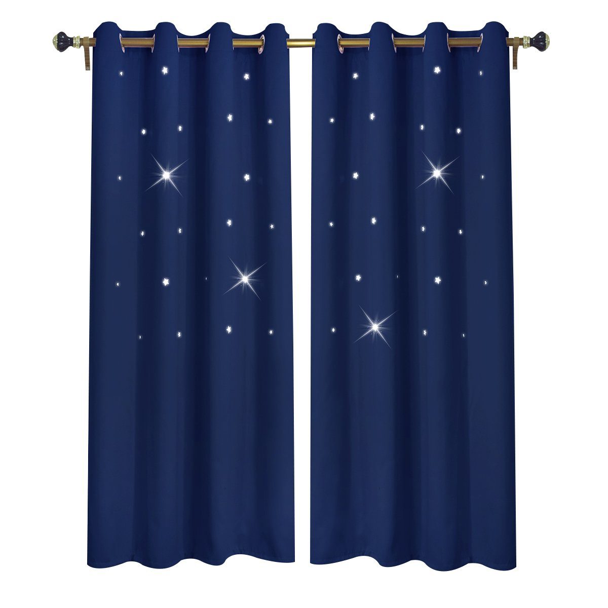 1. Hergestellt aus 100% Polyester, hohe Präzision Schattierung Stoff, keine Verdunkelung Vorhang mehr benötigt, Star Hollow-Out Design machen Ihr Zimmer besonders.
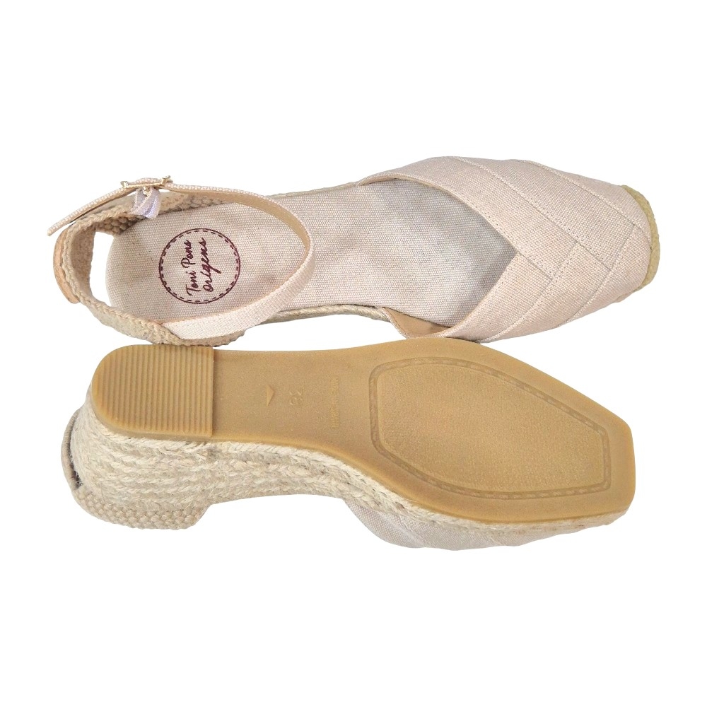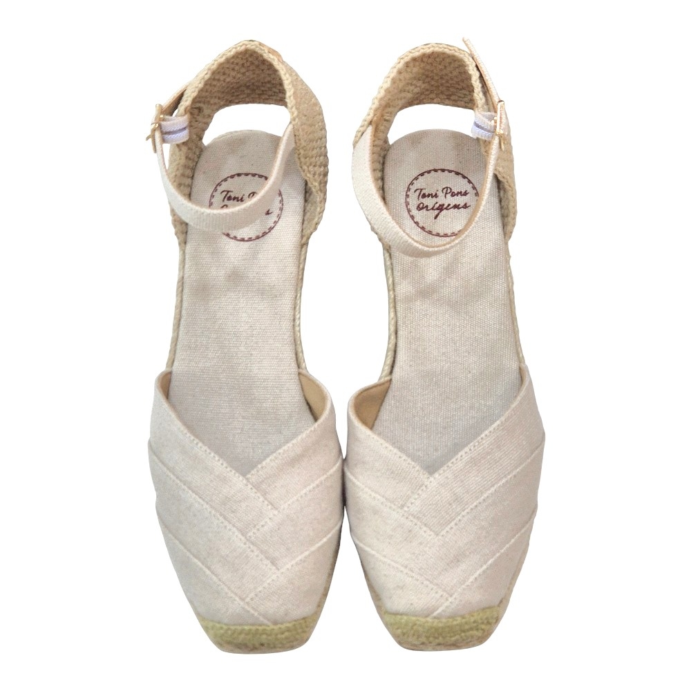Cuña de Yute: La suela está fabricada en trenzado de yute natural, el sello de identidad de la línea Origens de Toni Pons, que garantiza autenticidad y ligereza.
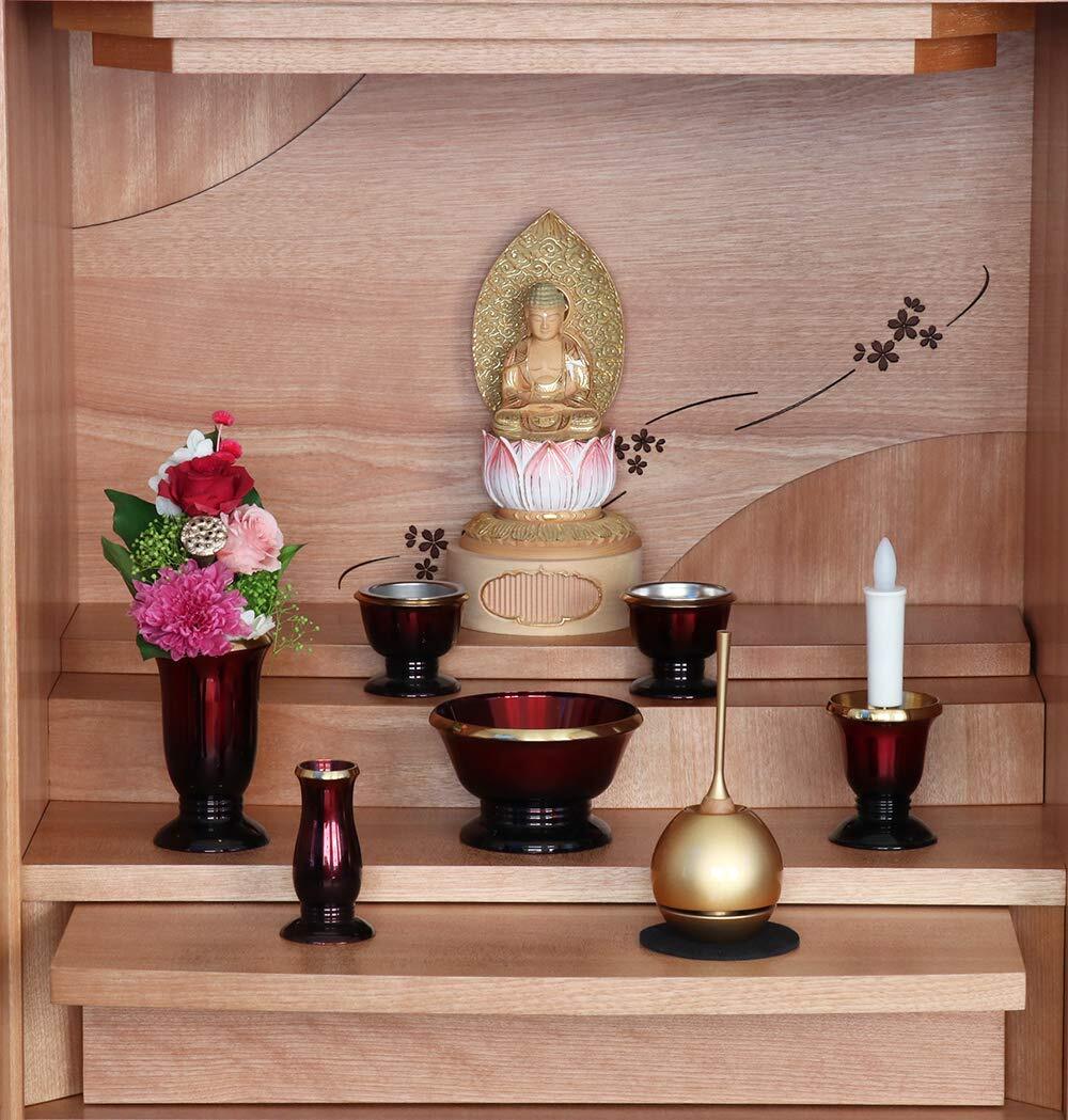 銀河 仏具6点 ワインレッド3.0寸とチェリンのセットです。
____
## Required work
With pictures left out, print the lines of the material above from the line containing "Cuña de Yute: La" through its last line, exactly and nothing more.

## Solution to this task
Cuña de Yute: La suela está fabricada en trenzado de yute natural, el sello de identidad de la línea Origens de Toni Pons, que garantiza autenticidad y ligereza.
 銀河 仏具6点 ワインレッド3.0寸とチェリンのセットです。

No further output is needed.